(Beginning of Excerpted data)

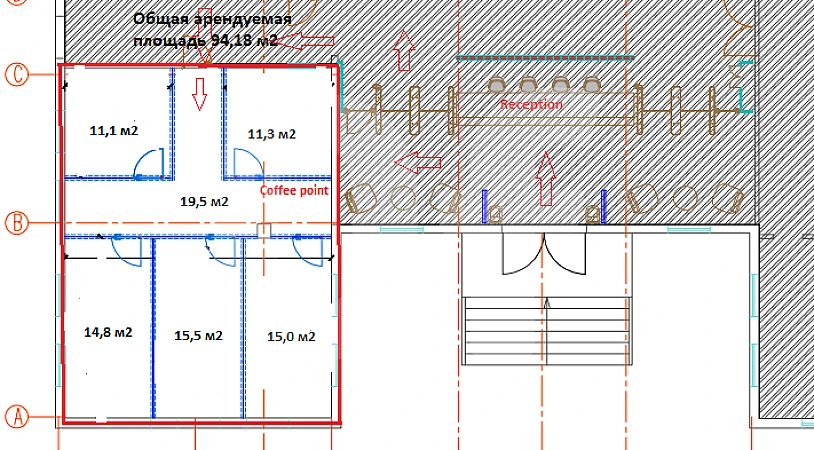 *Количество рабочих мест рассчитано автоматически: от 4,5 м2 на человека до 8 м2 на человека.
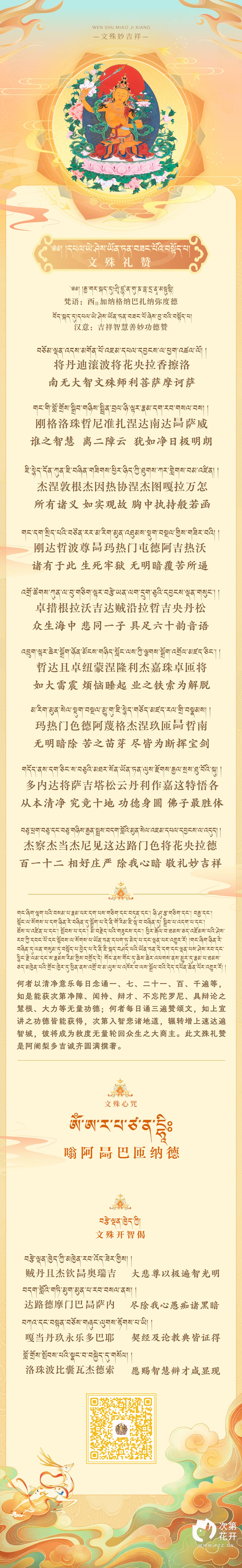《文殊礼赞》全名为《吉祥智慧善妙功德赞》,为阿阇黎多吉诚齐所造,另有相传为五百位大班智达相约每人撰著一篇文殊菩萨的赞颂文,稀奇之处为,每位班智达所写的词句完全一致,即是《文殊礼赞》。
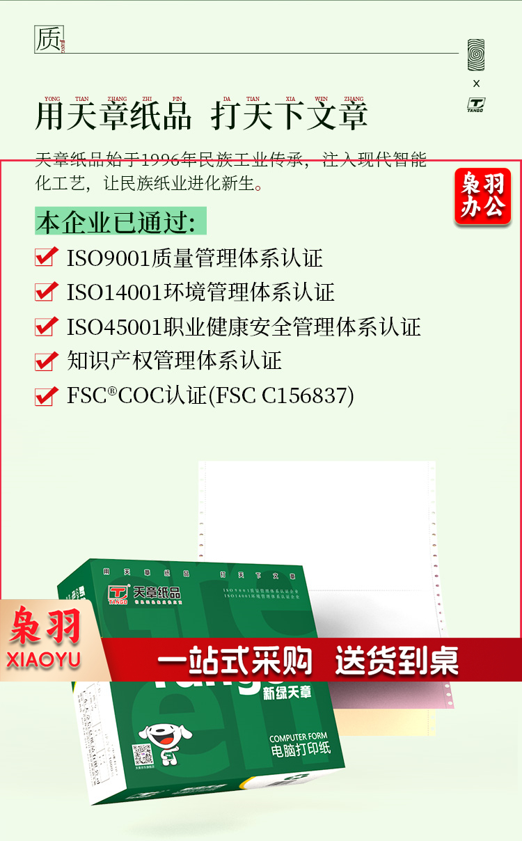 天章/TANGO 241-3S 天章三联整张 电脑打印纸 全白1000页/(单位:箱)
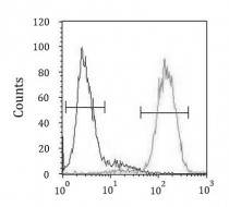 Flow Cytometry: HepG2 cells stained with ARG58176 anti-AGXT antibody (right histogram) or without primary antibody as control (left histogram), followed by incubation with FITC labelled secondary antibody.
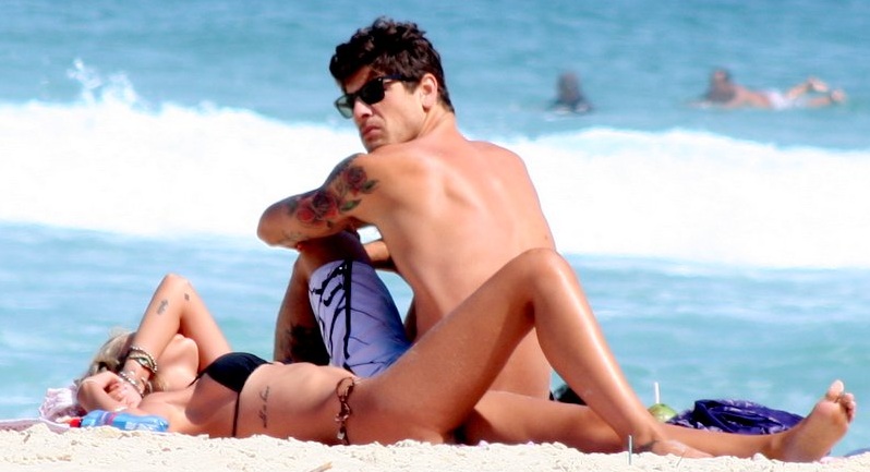 Juntinhos, os dois deitaram na mesma canga e ficaram de 'conchinha'.
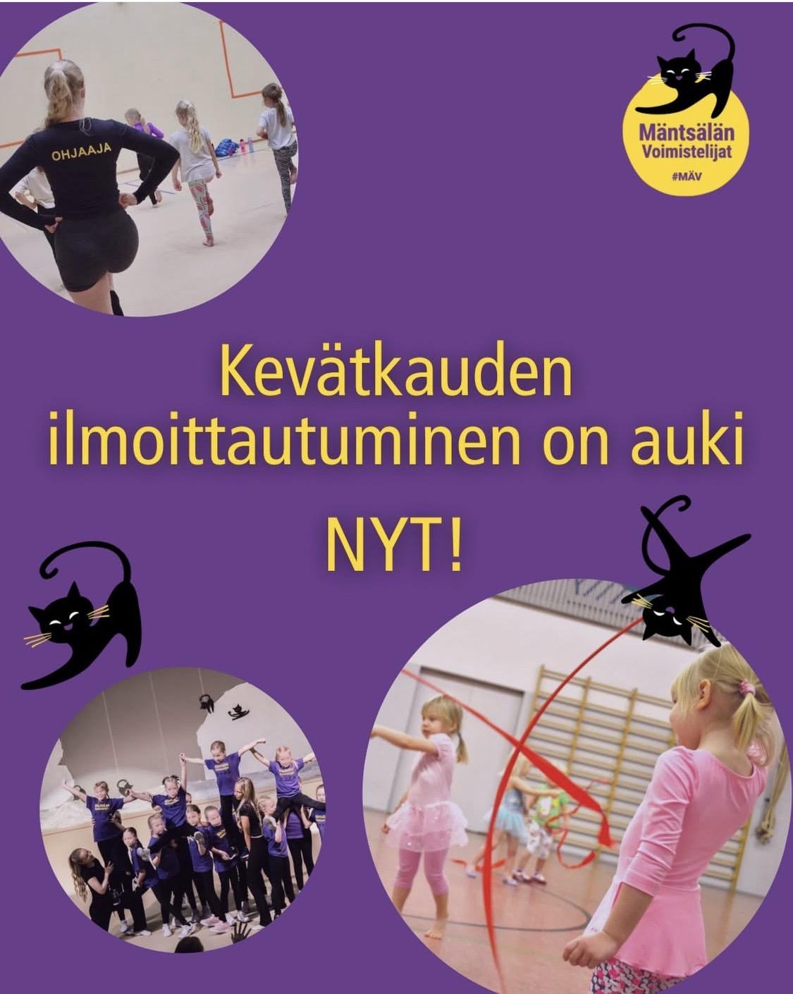 Mäntsälän Voimistelijat tarjoaa vkoilla 50 ja 51 maksuttomia lasten kokeilutunteja! Tarjolla on mm. temppurataa, tanssia ja akrobatiaa. Nappaa kavereita mukaan ja tule liikkumaan sekä oppimaan uutta!…
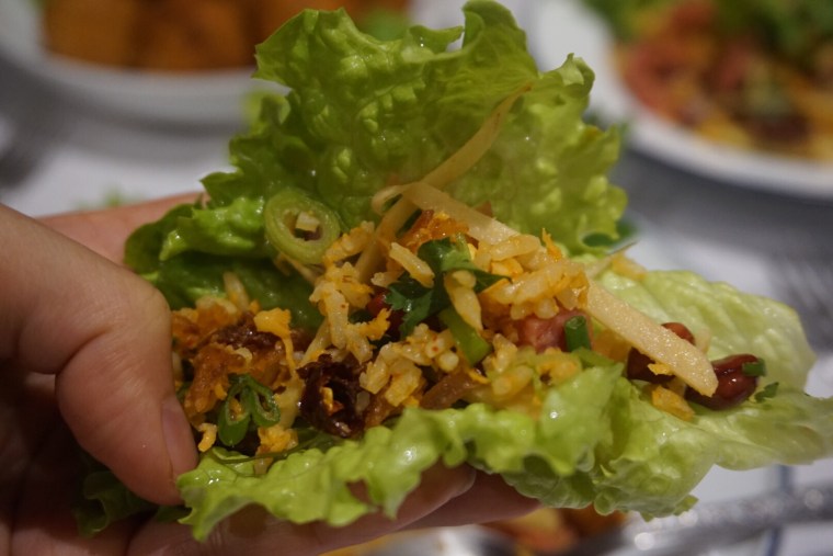 Serve in lettuce cups or on betel leaves and with peanuts and deep fried chilies.

(End of Excerpted data)

▸ Problem to solve: Retype the lines starting with the one that holds "Flow Cytometry: HepG2" and ending with the last line of the data above, both included; skip the pictures.

▸ Answer to this exercise:
 Flow Cytometry: HepG2 cells stained with ARG58176 anti-AGXT antibody (right histogram) or without primary antibody as control (left histogram), followed by incubation with FITC labelled secondary antibody.
 Juntinhos, os dois deitaram na mesma canga e ficaram de 'conchinha'.
 Mäntsälän Voimistelijat tarjoaa vkoilla 50 ja 51 maksuttomia lasten kokeilutunteja! Tarjolla on mm. temppurataa, tanssia ja akrobatiaa. Nappaa kavereita mukaan ja tule liikkumaan sekä oppimaan uutta!…
 Serve in lettuce cups or on betel leaves and with peanuts and deep fried chilies.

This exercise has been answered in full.